At trial, Polizzi tried to get the district court to force the government into an Old Chief-type stipulation that the images were child pornography, so as to prevent them from being introduced into evidence. The district court would not do it, and the circuit affirmed. Here, in light of Polizzi’s insanity defense, the “specific nature and content of the images were relevant” and the “risk of unfair prejudice was minimized by the mode of presentation.”

He also challenged the court’s charge on the insanity defense, but the court refused to consider the claim, finding that it was “waived” by his affirmative acceptance of the instruction, and not merely “forfeited” by a lack of objection, which would have left open the possibility of plain error review.

The Cross-Appeal

Although although the court rejected Polizzi’s claim that the Sixth Amendment required the jury to be informed of the mandatory minimum, the court did not agree with the government that district courts can never inform a jury of a mandatory minimum. Nevertheless, it reversed the grant of the Rule 33 motion.

After reviewing the cases, the court held that district courts have discretion to instruct the jury on the applicable mandatory minimum in some circumstances: “Without attempting to define the boundaries of a district court’s discretion in this regard, we recognize the possibility … that circumstances may exist in which instructing the jury on the consequences of its verdict will better ensure that the jury bases that verdict solely on the evidence and will better discourage nullification.”
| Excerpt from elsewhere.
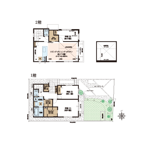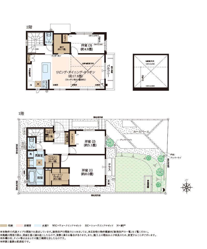 ※外構の石、タイル等はおおよその施工範囲を示したものです。家具・調度品等は販売価格に含まれません。

Here, the court did not reach the question whether the district court would have had the discretion to inform the jury of the mandatory minimum at Polizzi’s trial. Even if, arguendo, it had, it was “certainly within the trial court’s discretion to decline to,” which it did, and thus the standard for grating a new trial under Rule 33 – “a compelling reason involving substantial unfairness” – was not met.